At times, Emerson could be as ruthless as Nietzsche toward the mediocre “herd,” as in the following provocative passage on the relationship of “great” individuals to the community, which occurs in no less crucial a text than “The American Scholar,” a lecture read by Nietzsche and a precursor of his untimely meditation “On the Uses and Disadvantages of History for Life.” Here, sounding like Nietzsche, is the supposedly benign Emerson on the current condition:

Men in the world to-day are bugs, are spawn, and are called “the mass” and “the herd.” In a century, in a millennium, one or two men [approximate] to the right state of every man. All the rest behold in the hero or the poet their own green and crude being,—ripened, yes, and are content to be less, so that may attain to its full stature….The poor and the low are content to be brushed like flies from the path of a great person, so that justice shall be done by him to that common nature which it is the dearest desire of all to see enlarged and glorified. (E&L 66)

The goal is the “enlargement” of the self, a crucial concept Emerson derived, as we shall see, from Coleridge. Furthermore, in keeping with the related reciprocity between “Each and All” as laid out in Coleridge’s “Essay on Method” in The Friend, we “each” have a stake in developing the potential of “all” for the greater good. But this Nietzsche-anticipating (if not quite Nazi-foreshadowing) passage in “The American Scholar” is a notably harsh as well as hyperbolic cultural teaching. Usually, Emerson qualified or caveated his most hyperbolic assertions; Nietzsche tended not to. And though he borrowed the phrase from Emerson’s Divinity School Address (E&L 88), Nietzsche, that atheist and self-professed Antichrist, really meant it when he announced that “God is dead.” Emerson, devotee of the God within, cannot have known what the catalytic impact of the doctrine of self-reliance would be on the precociously brilliant German youth who began to read him at the age of seventeen. Himself a great liberator, Nietzsche found his own liberating god in Emerson.

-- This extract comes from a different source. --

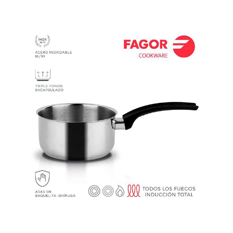 TACHO ALAIA Ø12CM INOX 18/10 FAGOR. FUNDO TERMODIFUSOR DE 3 CAMADAS (AÇO AISI 304+ALUMINIO 3003+AÇO AISI 430). TAMPA DE VIDRO TERMORESISTENTE COM BORDE EM INOX E SAÍDA DE VAPOR. CABO E ASAS ERGONÔMICAS DE BAQUELITA TERMO ISOLANTE. APTO PARA TODO O TIPO DE FOGOS. FAGOR

What gets liberated is another matter. Though the Nazis exploited and distorted much that was in Nietzsche, few serious readers any longer accept the once-commonplace alignment of Nietzsche with Nazism. But such explosive phrases as “the blond beast,” “the master race,” the “Will to Power,” and the Übermensch, did provide materials to be exploited and distorted. As Nietzsche himself said in opening the “Why I Am a Destiny” section of Ecce Homo, “I am no man; I am dynamite,” and dynamite, which can explode indiscriminately, is particularly dangerous in the wrong hands, a “fate” Nietzsche feared.[8]

Emerson was an equally brilliant and provocative phrasemaker. His guilt by association is less notorious than the Nazification of Nietzsche, but Emerson—that glorifier of the “aboriginal Self,” celebrator of one’s “sacred impulses,” professor of “one doctrine: the infinitude of the private man” (JMN 7:342), and champion of autonomy, “self-reliance” and the “God within”—has also been connected with Hitler and Nazism. One distinguished American critic, Alfred Kazin, reported in 1997 in God and the American Writer that he once heard another distinguished literary critic, the conservative Southerner Cleanth Brooks, “charge that ‘Emerson led to Hitler.’”[9] The charge is of course excessive. Yet, in his own perverse way, Hitler was a product of the same German Idealist philosophy that found its way to Emerson by way of Coleridge, Carlyle, and French philosopher Victor Cousin. Reading Fichte, philosopher of the “Divine-Me,” Hitler marked passages in which Fichte claimed that “God and I are One….My work is his work, and his work my work,” among other identifications of himself “with God.” In perusing Fichte, the Führer found evidence to support his own growing belief that the “mortal and divine were one and the same: that the God he was seeking was in fact himself.”[10]

Johann Gottlieb FichteJohann Gottlieb Fichte (via Wikimedia Commons)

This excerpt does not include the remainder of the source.